And nvfortran prints,

nvlink warning : Skipping incompatible '/usr/lib64/libdl.a' when searching for -ldl
nvlink warning : Skipping incompatible '/usr/lib/gcc/x86_64-pc-linux-gnu/12.2.0/../../../../lib64/libdl.a' when searching for -ldl
nvlink warning : Skipping incompatible '/usr/lib64/libpthread.a' when searching for -lpthread
nvlink warning : Skipping incompatible '/usr/lib/gcc/x86_64-pc-linux-gnu/12.2.0/../../../../lib64/libpthread.a' when searching for -lpthread
nvlink warning : Skipping incompatible '/usr/lib64/librt.a' when searching for -lrt
nvlink warning : Skipping incompatible '/usr/lib/gcc/x86_64-pc-linux-gnu/12.2.0/../../../../lib64/librt.a' when searching for -lrt

Not sure if there's an elegant way to switch back and forth between gcc11 and gcc12.

jayesh commented on 2022-12-20 13:04 (UTC) (edited on 2022-12-20 13:08 (UTC) by jayesh)

Based on the discussions here: https://forums.developer.nvidia.com/t/mpi-fortran-on-archlinux/237491

I've now patched nvhpc (22.11-2 now) to use OpenMPI-4.0.x as the default MPI : https://gitlab.com/badwaik/archlinux/aur/nvhpc/-/commit/2ffaa1da97c479cd63d06d3310fd48be74c650e7

This should solves the problems for now till NVHPC shifts to using HPC-X as the default MPI. Please let me know if you encounter any problems with the new arrangements.

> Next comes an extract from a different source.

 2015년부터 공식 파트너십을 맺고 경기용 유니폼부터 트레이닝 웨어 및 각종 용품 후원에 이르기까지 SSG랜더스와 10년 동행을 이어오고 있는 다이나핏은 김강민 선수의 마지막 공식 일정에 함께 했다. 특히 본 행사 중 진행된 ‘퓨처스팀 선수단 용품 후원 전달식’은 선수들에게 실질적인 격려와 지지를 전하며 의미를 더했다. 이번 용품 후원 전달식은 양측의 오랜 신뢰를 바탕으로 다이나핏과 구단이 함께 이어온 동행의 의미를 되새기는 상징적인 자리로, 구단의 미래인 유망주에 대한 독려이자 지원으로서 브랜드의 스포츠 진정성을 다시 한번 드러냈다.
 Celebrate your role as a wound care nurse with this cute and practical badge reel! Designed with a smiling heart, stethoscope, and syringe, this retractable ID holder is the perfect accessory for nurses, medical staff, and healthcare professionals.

jayesh commented on 2022-12-19 12:54 (UTC) (edited on 2022-12-19 12:54 (UTC) by jayesh)

All the older versions are also making the program crash in the same way, so now I'm definitely sure that the error comes from some mismatch in the either libc or some similar libraries. So, I don't see any advantage in making the older versions available without more information.

jayesh commented on 2022-12-19 12:25 (UTC) (edited on 2022-12-19 12:54 (UTC) by jayesh)

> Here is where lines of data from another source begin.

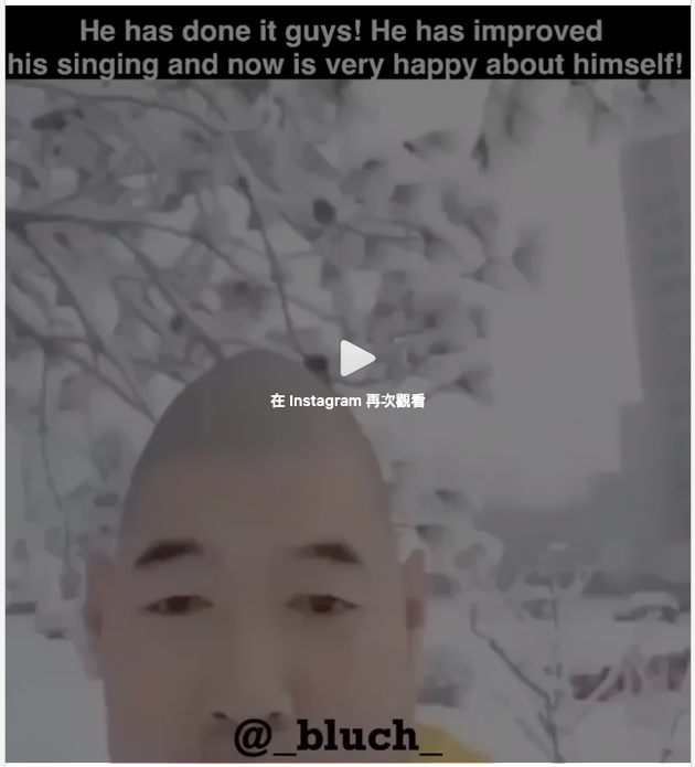3月29日,Instagram用户上传了剪辑版的视频。还是那个雪地里的男子,只是音频替换成了费玉清的原唱。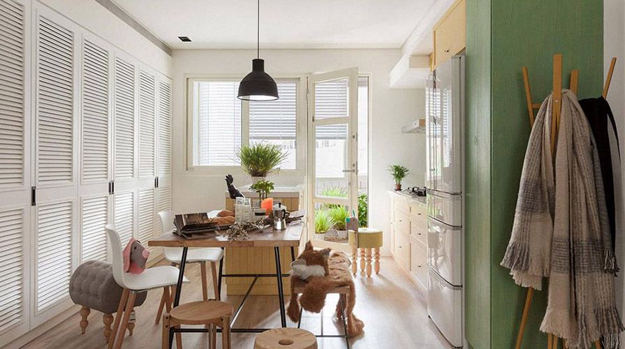 • 第二次換屋的屋主,對于鄉(xiāng)村風(fēng)格有著情有獨鐘的偏好。因此,設(shè)計師黃鈴芳保留下鄉(xiāng)村舒適的同時,透過仿飾漆為立面及柜體刷色,在原味里混入了繽紛色調(diào),鏤刻出了獨有的生活感。同時也悄悄增溫了時間與空間的記憶關(guān)系。 另外,原始格局中,客廳區(qū)塊有著惱人的西曬問題,不僅大幅降低了生活的舒適度,而且映入眼簾的僅有停車場的都市景象。綜觀房屋狀況后,馥閣設(shè)計巧妙地將客、餐廳空間對調(diào),轉(zhuǎn)而讓客廳擁有了社區(qū)中庭景觀。而西曬陽臺則改為洗衣空間,讓衣服擁有陽光曬過暖烘烘的味道,將生活美學(xué)和空間功能做了完美的平衡。
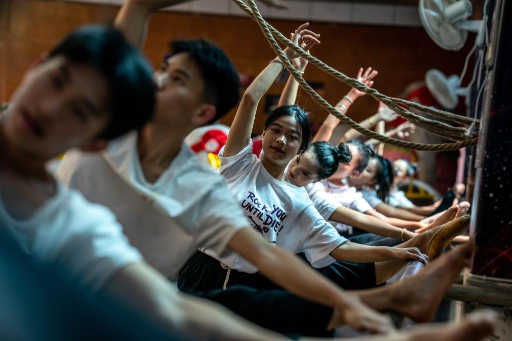耿马县民族歌舞团团长王峰(右下)在和演员们交流舞蹈动作。新华社记者 胡超 摄

Thank you for the comment. I am not an expert in Fortran, but I have managed the reproduce the issue with the official Nvidia tarball (not just with AUR), so I'm assuming something is incompatible with ArchLinux and Nvidia's NVHPC compiler itself. I've filed a discussion forum post to the same effect: https://forums.developer.nvidia.com/t/mpi-fortran-on-archlinux/237491

In the meantime, I'll be making the versions 22.7 and 22.9 available as AUR packages as well so that people can downgrade to them temporarily.

UPDATE: All the older versions are also making the program crash in the same way, so now I'm definitely sure that the error comes from some mismatch in the either libc or some similar libraries. So, I don't see any advantage in making the older versions available without more information.

ylee commented on 2022-12-19 05:36 (UTC)

@jayesh I have the same error as @aitzkora has, and the /usr/bin/mpirun also fails with the following error message:

❯ /usr/bin/mpirun -np 4 ./a.out
[clink:950989] *** Process received signal ***
[clink:950989] Signal: Segmentation fault (11)
[clink:950989] Signal code: Address not mapped (1)
[clink:950989] Failing at address: (nil)
[clink:950989] [ 0] /usr/lib/libc.so.6(+0x38a00)[0x7f4c7ac51a00]
[clink:950989] *** End of error message ***
[1]    950989 segmentation fault (core dumped)  /usr/bin/mpirun -np 4 ./a.out

It was tested with the same hello world program. Let me know if you have any suggestions.

aitzkora commented on 2022-12-16 10:18 (UTC)

thanks @jayesh for taking time. I will use the system-wide mpirun as a work-around but I was surprise that does not work with the mpirun provided by NVIDIA. Effectively, some hidden init process such as hydra could prevent mpirun programs to run correctly. Bests

jayesh commented on 2022-12-14 11:02 (UTC)

@aitzkora

I have seen that using native mpirun with /usr/bin/mpirun -n 3 ./main works perfectly for me. Can you confirm if it works for you as well? In that case, I'll say there's some issue in using the nvhpc's mpirun. I am suspecting that you need to use Hydra or similar runtime to use nvhpc's mpirun correctly.